The subset of the data for Nevada in 2022 can be downloaded from the following link: Nevada 2022 HMDA Data.

2.3 Importing CSV Files in R

R provides several functions for importing CSV files. The most commonly used function is read.csv(), which is part of the base R package. Additionally, the readr package offers the read_csv() function, which is optimized for faster performance and easier handling of large datasets.

2.3.1 Using read.csv()

The read.csv() function is straightforward to use. It is actually a special case of the more general read.table() function, with default parameters set for reading CSV files Here’s how you can import a CSV file using this function:

# Importing a CSV file using read.csv()
data <- read.csv("downloads/state_NV.csv")

# Display the first few rows of the data
head(data)

In this example, replace "downloads/state_NV.csv" with the actual path to your CSV file. The head() function is used to display the first few rows of the imported data.

Details on read.csv()

The read.csv() function is a simplified wrapper around read.table(), with pre-set arguments tailored for reading comma-separated files. Specifically, it sets the following default arguments:

  • sep = "," sets the field separator to a comma.
  • header = TRUE indicates that the first line of the file contains column names.
  • stringsAsFactors = default.stringsAsFactors() specifies whether character vectors should be converted to factors (default behavior depends on the R version).
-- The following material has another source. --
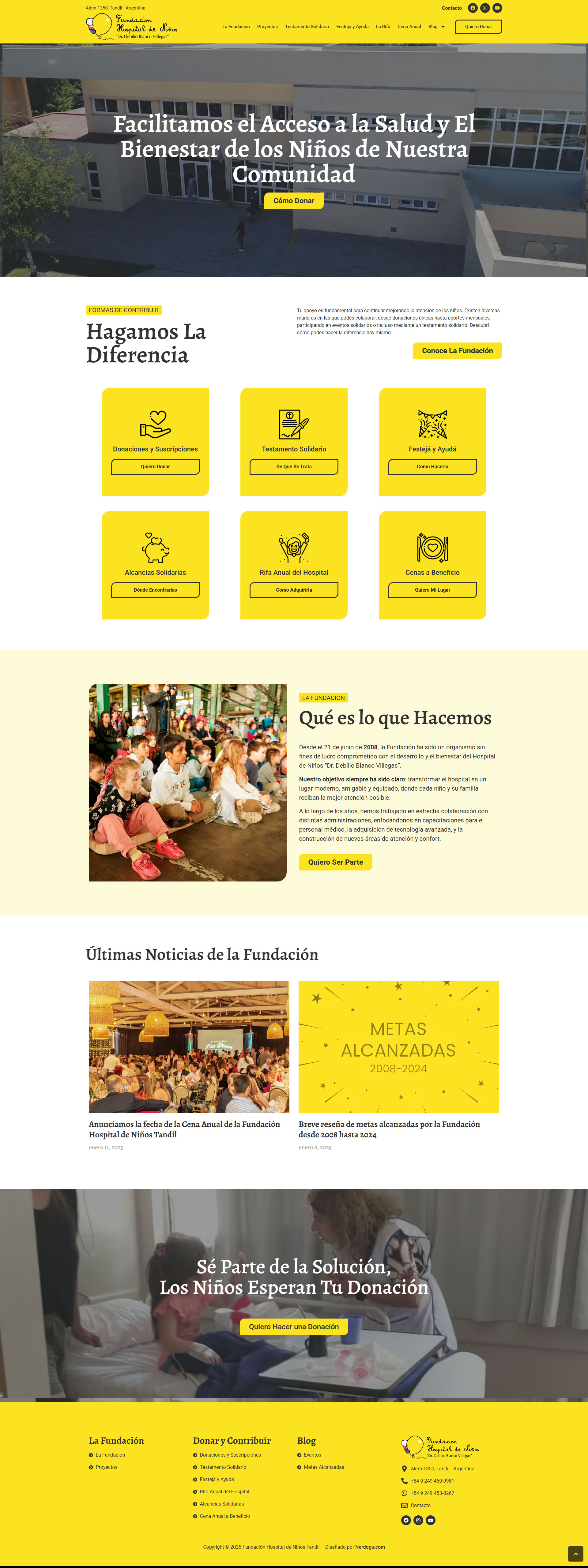 Web diseñada para la Fundación del hospital de Niños de Tandil. Esta web no solo sirve para recaudar donaciones, sino tambien para informar las obras que se realizan con lo recaudado y los beneficios que los niños más necesitados de la comunidad serrana de Tandil reciben gracias a la fuerza incansable que realizan los integrantes de esta institución y la comunidad.
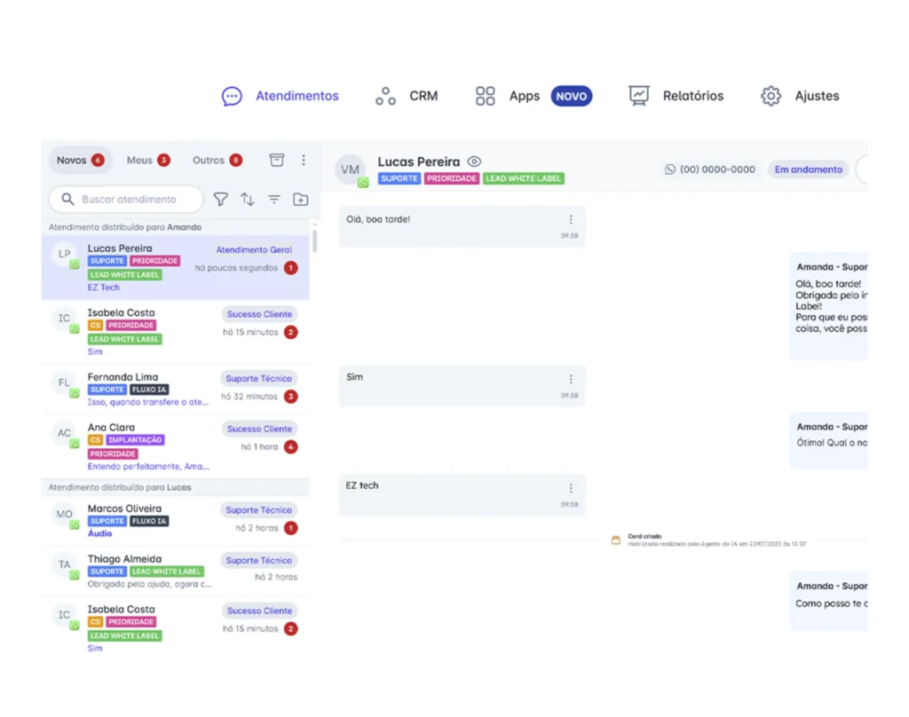 Não, aqui, tudo acontece em um só lugar: você atende, qualifica, converte e automatiza dentro da mesma plataforma. Chega de alternar entre ferramentas diferentes para cada parte do processo.

Here’s an equivalent way to use read.table() to achieve the same result as read.csv():

# Importing a CSV file using read.table()
data <- read.table("downloads/state_NV.csv", sep = ",", header = TRUE, stringsAsFactors = FALSE)

# Display the first few rows of the data
head(data)

As you can see, read.csv() simplifies the process by encapsulating these common settings, making it easier and quicker to read CSV files.
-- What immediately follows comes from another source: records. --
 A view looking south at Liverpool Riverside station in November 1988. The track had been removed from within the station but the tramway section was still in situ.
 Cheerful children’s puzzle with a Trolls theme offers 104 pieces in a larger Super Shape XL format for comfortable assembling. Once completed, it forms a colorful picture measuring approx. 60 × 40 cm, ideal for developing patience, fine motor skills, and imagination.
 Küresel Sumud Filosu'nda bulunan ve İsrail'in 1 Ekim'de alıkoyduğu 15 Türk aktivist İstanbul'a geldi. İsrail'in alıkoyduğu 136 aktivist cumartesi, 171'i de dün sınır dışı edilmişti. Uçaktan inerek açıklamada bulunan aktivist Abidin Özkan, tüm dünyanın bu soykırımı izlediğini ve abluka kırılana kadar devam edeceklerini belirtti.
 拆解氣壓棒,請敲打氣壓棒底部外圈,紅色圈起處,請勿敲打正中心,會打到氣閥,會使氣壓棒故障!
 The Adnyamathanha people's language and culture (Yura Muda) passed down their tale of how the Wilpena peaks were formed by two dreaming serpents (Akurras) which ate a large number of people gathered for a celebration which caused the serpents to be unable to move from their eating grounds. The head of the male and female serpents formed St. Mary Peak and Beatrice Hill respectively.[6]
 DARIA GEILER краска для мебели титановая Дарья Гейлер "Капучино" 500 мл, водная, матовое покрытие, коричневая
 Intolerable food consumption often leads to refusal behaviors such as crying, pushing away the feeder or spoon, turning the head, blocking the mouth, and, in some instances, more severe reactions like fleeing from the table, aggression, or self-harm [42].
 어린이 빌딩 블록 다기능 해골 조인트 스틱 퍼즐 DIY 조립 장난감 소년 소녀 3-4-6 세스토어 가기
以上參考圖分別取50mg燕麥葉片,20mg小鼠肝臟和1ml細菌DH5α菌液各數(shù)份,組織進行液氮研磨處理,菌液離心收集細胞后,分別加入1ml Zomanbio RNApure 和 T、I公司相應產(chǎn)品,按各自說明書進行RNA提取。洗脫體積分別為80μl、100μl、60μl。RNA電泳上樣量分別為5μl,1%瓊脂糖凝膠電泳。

2.3.2 Using read_csv() from the readr Package

The readr package provides a faster and more convenient way to import CSV files with the read_csv() function. First, you need to install and load the readr package:

# Install the readr package
install.packages("readr")

Once the package is installed, you can use the read_csv() function to import the CSV file:

# Load the readr package
library(readr)

# Importing a CSV file using read_csv()
data <- read_csv("downloads/state_NV.csv")
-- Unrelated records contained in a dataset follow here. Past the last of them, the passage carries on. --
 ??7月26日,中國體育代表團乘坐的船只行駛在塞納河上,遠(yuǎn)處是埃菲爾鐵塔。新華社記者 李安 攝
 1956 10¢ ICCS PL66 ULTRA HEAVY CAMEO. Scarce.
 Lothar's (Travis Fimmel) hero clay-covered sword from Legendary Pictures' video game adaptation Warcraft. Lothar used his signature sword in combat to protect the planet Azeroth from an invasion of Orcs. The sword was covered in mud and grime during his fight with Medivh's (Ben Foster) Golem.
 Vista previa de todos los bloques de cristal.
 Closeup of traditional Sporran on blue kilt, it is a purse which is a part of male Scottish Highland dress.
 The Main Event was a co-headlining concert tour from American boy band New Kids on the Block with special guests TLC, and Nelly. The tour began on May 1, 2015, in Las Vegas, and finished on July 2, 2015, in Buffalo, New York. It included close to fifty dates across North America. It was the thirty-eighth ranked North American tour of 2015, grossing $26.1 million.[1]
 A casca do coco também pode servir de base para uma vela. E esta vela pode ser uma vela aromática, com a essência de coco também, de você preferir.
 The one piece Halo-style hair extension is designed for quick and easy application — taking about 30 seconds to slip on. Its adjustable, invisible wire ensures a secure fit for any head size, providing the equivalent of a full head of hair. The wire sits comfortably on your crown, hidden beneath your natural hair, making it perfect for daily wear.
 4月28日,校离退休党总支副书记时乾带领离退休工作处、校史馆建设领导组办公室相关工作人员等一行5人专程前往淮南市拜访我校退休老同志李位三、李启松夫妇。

# Display the first few rows of the data
head(data,50)

Similar to read.csv(), replace "downloads/state_NV.csv" with the actual path to your CSV file. The read_csv() function also automatically parses the data types of the columns, which can save you time and effort, you need to be carefull as sometimes read_csv() may guess the column type wrong!

Details on read_csv()

The read_csv() function is a special case of the more general read_delim() function from the readr package, with default parameters set for reading comma-separated files. Specifically, it sets the following default arguments:

  • delim = "," sets the field separator to a comma.
  • col_types = cols() automatically detects the data types of columns unless specified otherwise.
  • trim_ws = TRUE indicates that whitespace should be trimmed from the beginning and end of each field.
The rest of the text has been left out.